紗夜が盲目であることに、今頃気付いた豊川であった。

珍しく思いながら、補導員に手で合図する。

『では、失礼します。』

締めかけたドアの向こう。

その隙間から、女の子が紗夜を見ていた。

その気配に気づく紗夜。


(あ・り・が・と・う)


(えっ?)


紗夜の頭に微かに響いた声を残し、ドアは閉められた。


『じゃあ、一応、後でカメラのデータと、この…写真を署に送っておいてください。

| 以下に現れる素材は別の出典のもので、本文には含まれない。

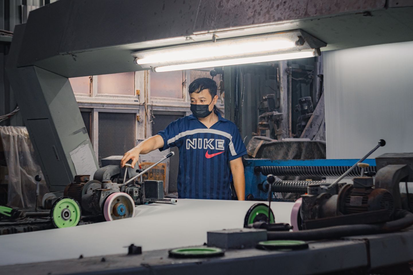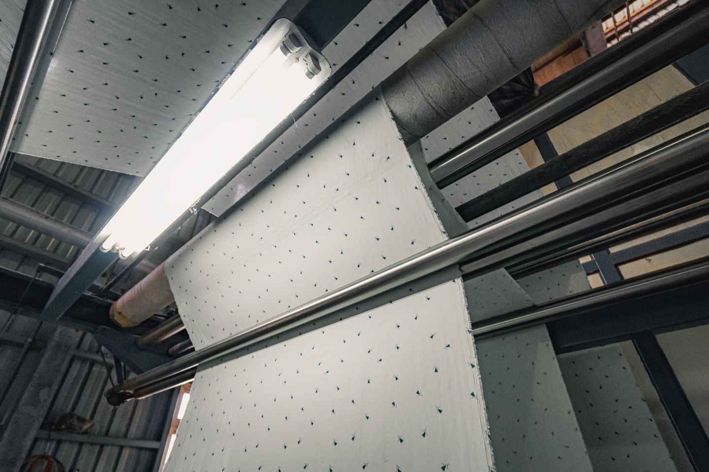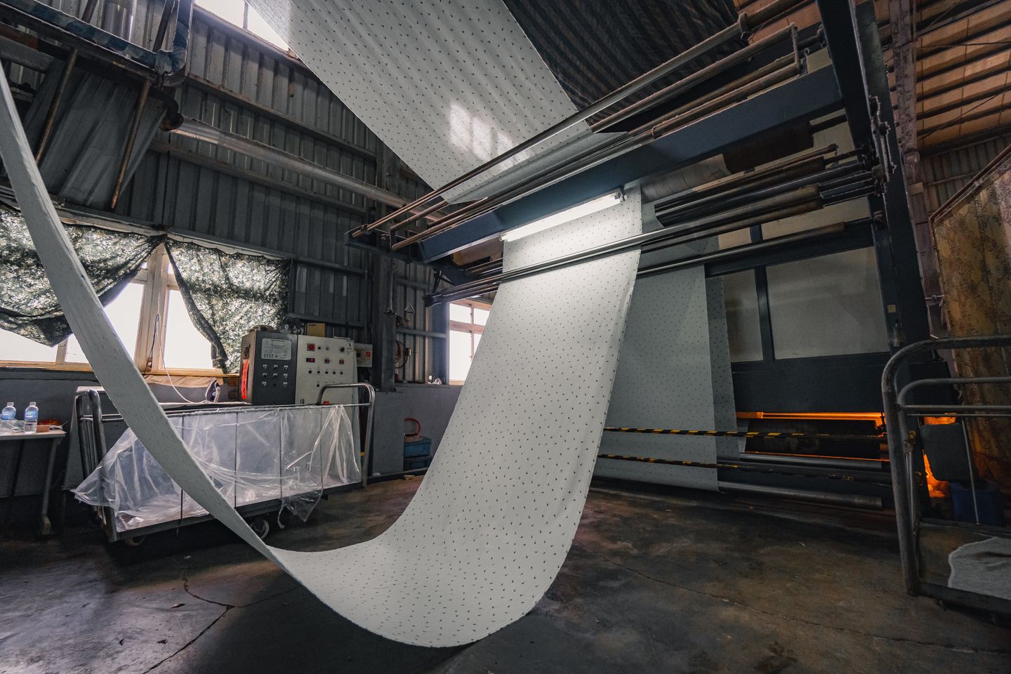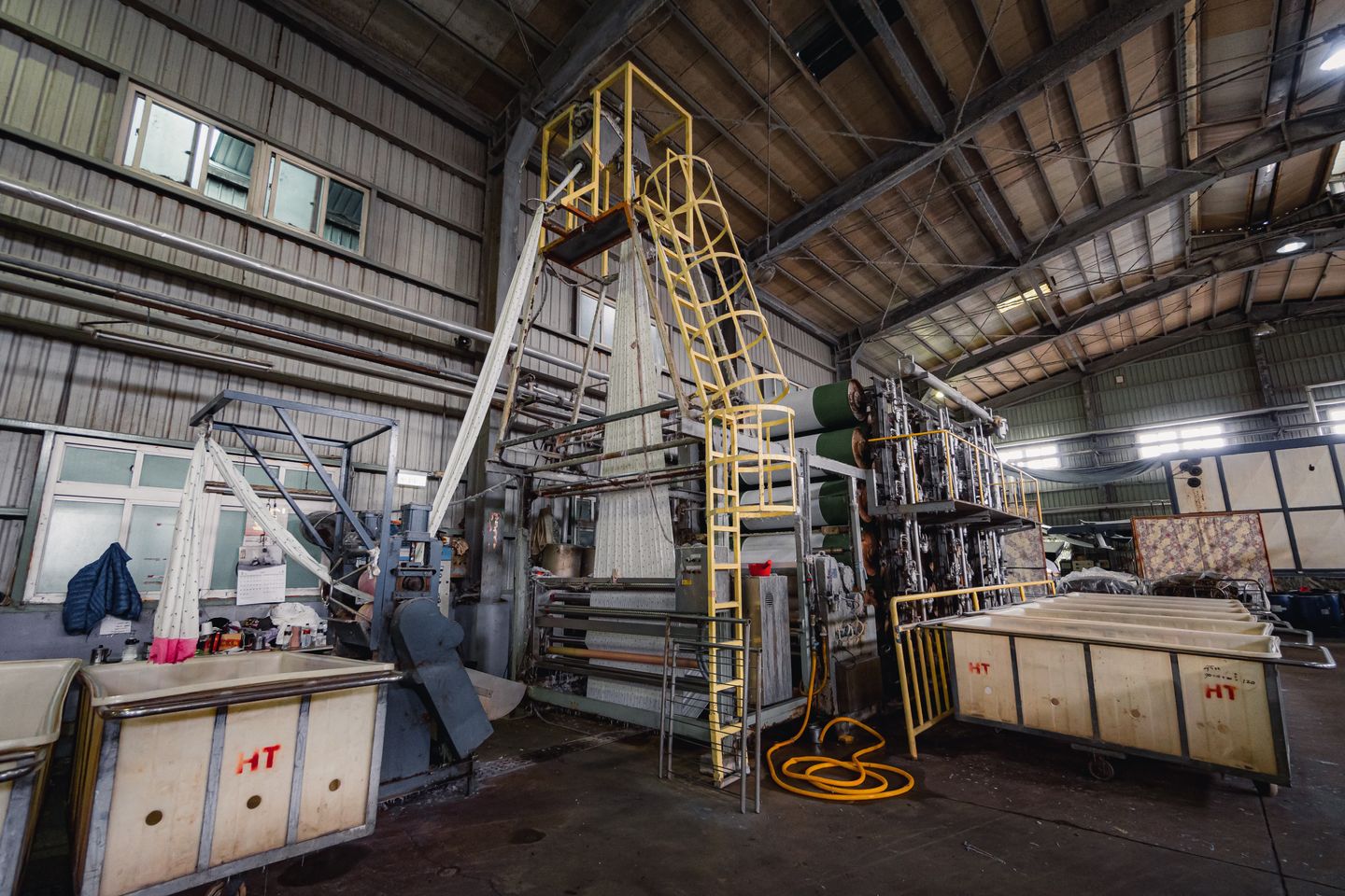 以粗紙管為中心,將一大匹布慢慢的捆,捆成差不多等重量的成布,裹上外包裝,等待出貨。
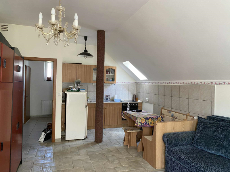 2002-ben teljeskörűen felújított családi ház Pécs, egyik legkedveltebb családiházas övezetében, melyben az alsó szinten üzlethelyiségeket (fogyasztó tér, eladó tér), a tetőtérben két ún. stúdió apartmant építettek (amerikai stílusú konyha és nappali étkezővel).

』

宮本は、あの顔が頭に焼き付いて、一刻も早くこの場を離れたかった。

『誰も助けようとはしなかったの?』

『紗夜さん。そりゃ無理だと思いますよ、危険ですからね。それに、隣で誰か倒れても、思わず避けてしまう街ですからね。』

紗夜が豊川の心の渦を『感じた』。

『いや…。女は最初助けを求め、回りも手を差しのべたらしいんだが…』

『はぁ?自殺しながら助けを?いざとなって…』

『どうだったの?』

宮本を制する紗夜。

『それが、女は何かに怯える様にして、後ろへ。そして…『来るな』とか『誰だ』とか叫んだとのことです。』


沈黙。


『いずれにしても…』

紗夜が切り開く。

『小さな女の子を連れ、その目の前で、一人で自殺なんておかしいわ。良く調べてみましょ。』

こうして『最初の謎』が、お持ち帰りになったのである。


駅を出たところで、宮本の携帯が鳴った。